Our launch function looks as follows:
@cute.jit
def launch_copy(
tensor_S: cute.Tensor,
tensor_D: cute.Tensor,
block_shape: cute.Shape,
num_threads: cutlass.Constexpr[cutlass.Int32],
):
print("Tensors:")
print(f"tensor_S = {tensor_S}")
print(f"tensor_D = {tensor_D}")
# Tile (m, n) by (M, N) to obtain ((M, N), m', n')
# , where M' and N' are the number of block tiles
tiled_tensor_S = cute.tiled_divide(tensor_S, block_shape) # (M, N), m', n')
tiled_tensor_D = cute.tiled_divide(tensor_D, block_shape) # (M, N), m', n')
print("Block Tile Tensor:")
print(f"tiled_tensor_S = {tiled_tensor_S}")
print(f"tiled_tensor_D = {tiled_tensor_D}")
grid_dim = (
(cute.size(tiled_tensor_D, mode=[1]) * cute.size(tiled_tensor_D, mode=[2]))
// num_threads,
1,
1,
)
block_dim = (num_threads, 1, 1)
print("Grid and Block Configuration:")
print(f"grid_dim = {grid_dim}")
print(f"block_dim = {block_dim}")
copy_kernel(tiled_tensor_S, tiled_tensor_D).launch(grid=grid_dim, block=block_dim)
return
Note that we use tiled_divide
here and provide it with the block shape. What this function does is to tile the tensor.
Assume the Tensor has a Layout of (m,n):(n,1)
and the block shape is (m, n)
. Application of tiled divide will than tile up the Layout associated to the Tensor to a shape ((m,n), M',N')
where M'
and N'
are simple the original modes divided by the corresponding mode of the block shape. Note that it's not randomly that we choose the block shape to be (1, 16)
. A bfloat16
number has 16 bits
and therefore we need to schedule 8
coalesced loads for the compiler to be able to turn that into 128Bit
load which is oftentimes more efficient. We chose the 16
along the coalesced column of the K-Major
input tensor.
This will give us
tiled_tensor_S = tensor<ptr<bf16, gmem, align<16>> o ((1,16),8192,512):((0,1),8192,16)>
tiled_tensor_D = tensor<ptr<bf16, gmem, align<16>> o ((1,16),8192,512):((0,1),8192,16)>
Note that we can nicely see that the first mode is (1,16):(0,1)
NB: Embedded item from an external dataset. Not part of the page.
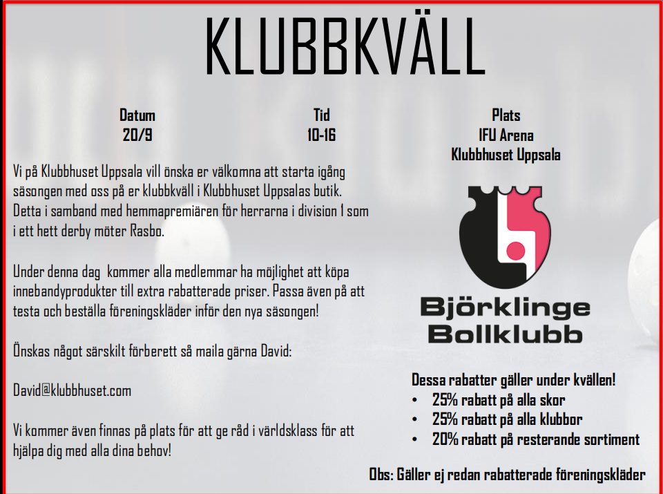 Den 20/9, i samband med säsongspremiären och även derby, för herrarna i H1an kör vi föreningsdag på Klubbhuset. Sprid detta till era lag.Finfina priser hos KH, perfekt inför säsongsstart! Vore även kul om man kommer och hejar såklart! Alla som bär BBK-kläder kommer in gratis!

which means we will be able to schedule 2 LD128
instructions.
We than divide the product of the Rest
modes 1
and 2
onto the threads and launch the kernel with the appropriate number of blocks to do that.
grid_dim = (
(cute.size(tiled_tensor_D, mode=[1]) * cute.size(tiled_tensor_D, mode=[2]))
// num_threads,
1,
1,
)
block_dim = (num_threads, 1, 1)
Let's now look at the kernel:
@cute.kernel
def copy_kernel(S: cute.Tensor, D: cute.Tensor):
tidx, _, _ = cute.arch.thread_idx()
bidx, _, _ = cute.arch.block_idx()
bdimx, _, _ = cute.arch.block_dim()
num = cute.size(S, mode=[2])
block_start = bidx * bdimx + tidx
x = block_start // num
y = block_start % num
# Slice into the tiled tensors
block_coordinate = ((None, None), x, y)
tile_S = S[block_coordinate]
tile_D = D[block_coordinate]
print("Block Tile:")
print(f"tile_S = {tile_S}")
print(f"tile_D = {tile_D}")
fragment = cute.make_fragment_like(tile_S)
print("Fragment:")
print(f"fragment = {fragment}")
fragment.store(tile_S.load())
tile_D.store(fragment.load())
return
We recover index for first
and second
mode and slice the tensor appropriately. We take the whole zeroth mode (which is composed of two submodes) as this corresponds to the tile size we want to process with one thread.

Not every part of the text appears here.